Bibliography. Bloch, Allgemeine Naturgeschichte der Fische (Berlin, 1782-95); Cuvier and Valenciennes, Histoire naturelle des poissons (22 vols., Paris, 1828-49); Günther, Catalogue of Fishes in British Museum (London, 1859-70); Günther, Introduction to the Study of Fishes (Edinburgh, 1880); Dean, Fishes, Living and Fossil (New York, 1895). Consult also various works on the comparative anatomy of vertebrates, such as Huxley, Gegenbaur, Owen, Parker and Haswell, Wiedersheim, etc.

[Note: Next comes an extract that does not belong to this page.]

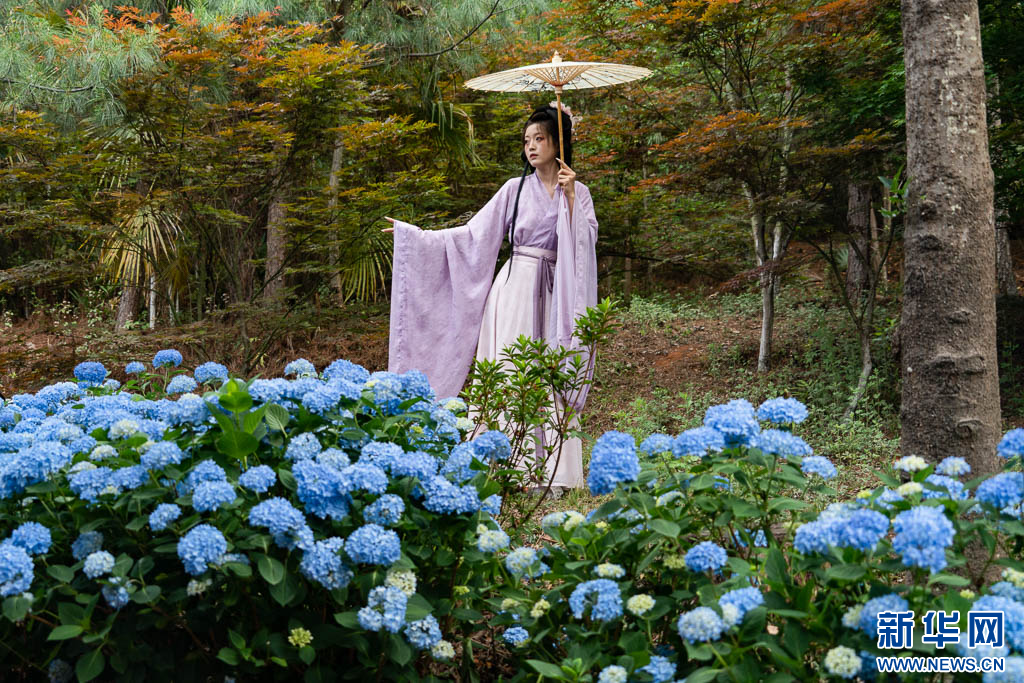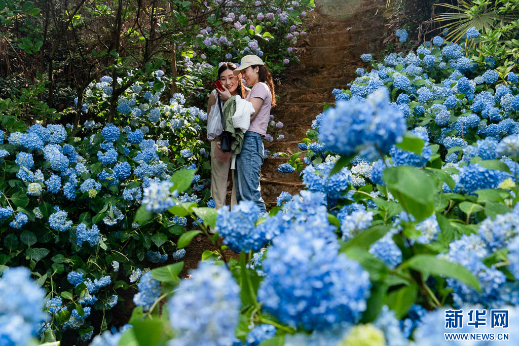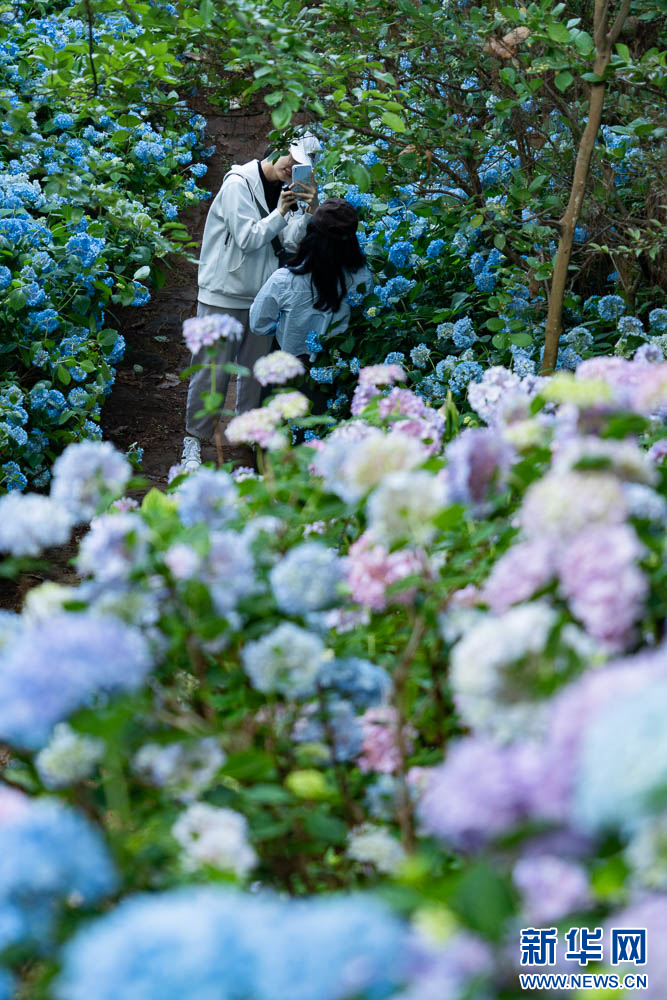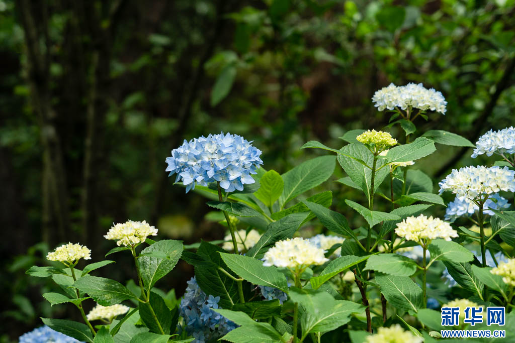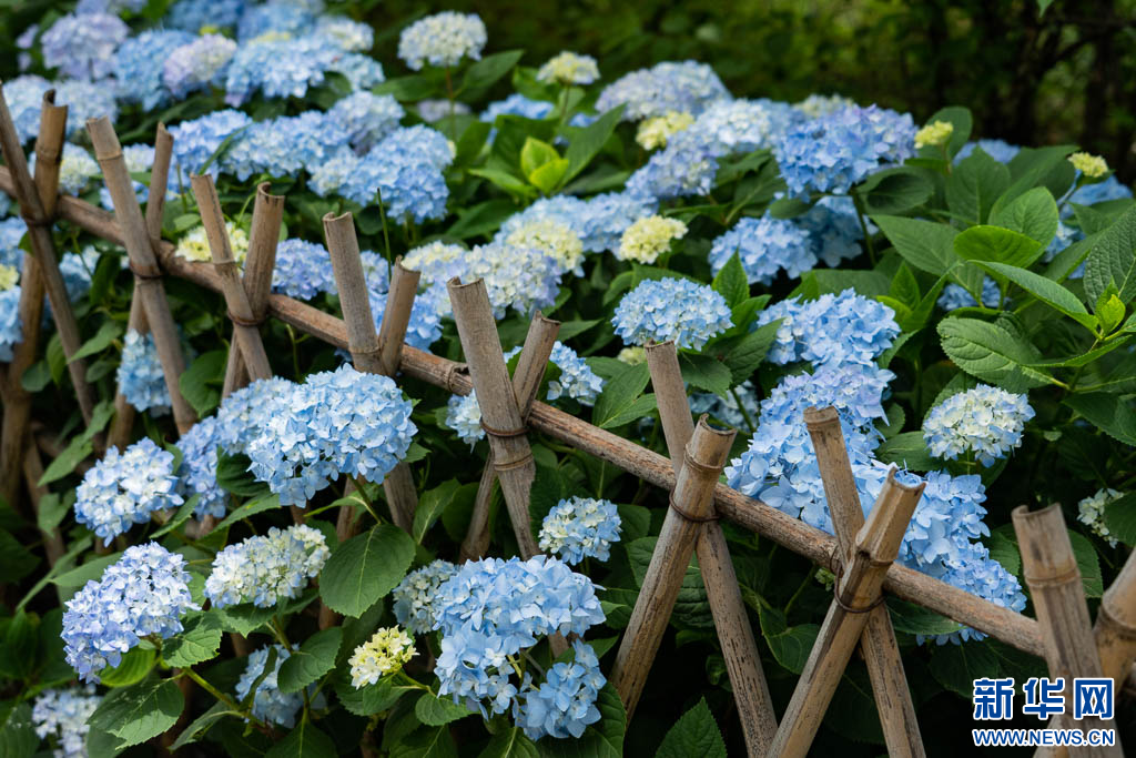 盛放的繡球花(5月12日攝)。新華網發(鄭益 攝)
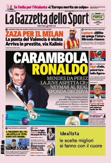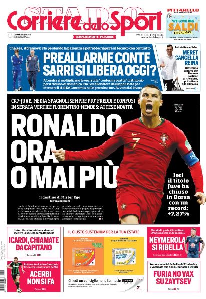 NewsCalcioIn Evidenza Rassegna stampa del 5 luglio. L’edicola sportiva delle prime pagine nazionali By Giuseppe Sacco il Lug 5, 2018 - 07:00:12 0 Condividi Oggi le prime pagine nazionali propongono in primo piano: Factory della Comunicazione 0 Condividi FacebookTwitterGoogle+ReddItWhatsAppPinterestE-mail

Of faunal works the principal are: Jordan and Evermann, Fishes of North and Middle America (4 vols., Washington, 1896-1900); Goode and Bean, Oceanic Ichthyology (Washington, 1895); Goode, American Fishes (New York, 1888); annual Reports and Bulletins of the United States Commission of Fish and Fisheries and of the National Museum (Washington, 1870 onward); governmental documents issued by Canada and Newfoundland; Eigenmann, South American Fishes (San Francisco, 1893); Yarrell, History of British Fishes (3d ed., London, 1859); Couch, History of British Fishes (London, 1865); Houghton, Freshwater Fishes of Great Britain (London, 1879); Siebold, Die Süsswasserfische von Mitteleuropa (Leipzig, 1863); Blanchard, Les poissons des eaux douces de la France (Paris, 1866); Day, Fauna of British India: Fishes (London, 1889); Hutton and Hector, Fishes of New Zealand (Wellington, 1872). For fossil fishes, consult Woodward, Outlines of Vertebrate Paleontology (Cambridge, 1898), in which is a full bibliography to the fossil forms; Agassiz, Recherches sur les poissons fossiles, vols, i.-iii. and supplement (Neufchâtel, 1833-44); Woodward, Catalogue of Fossil Fishes of the British Museum, vols, i.-iii. (London, 1889-95); and for American forms, Newberry, “Paleozoic Fishes of North America,” in Monographs of the United States Geological Survey, vol. xvi. (Washington, 1890).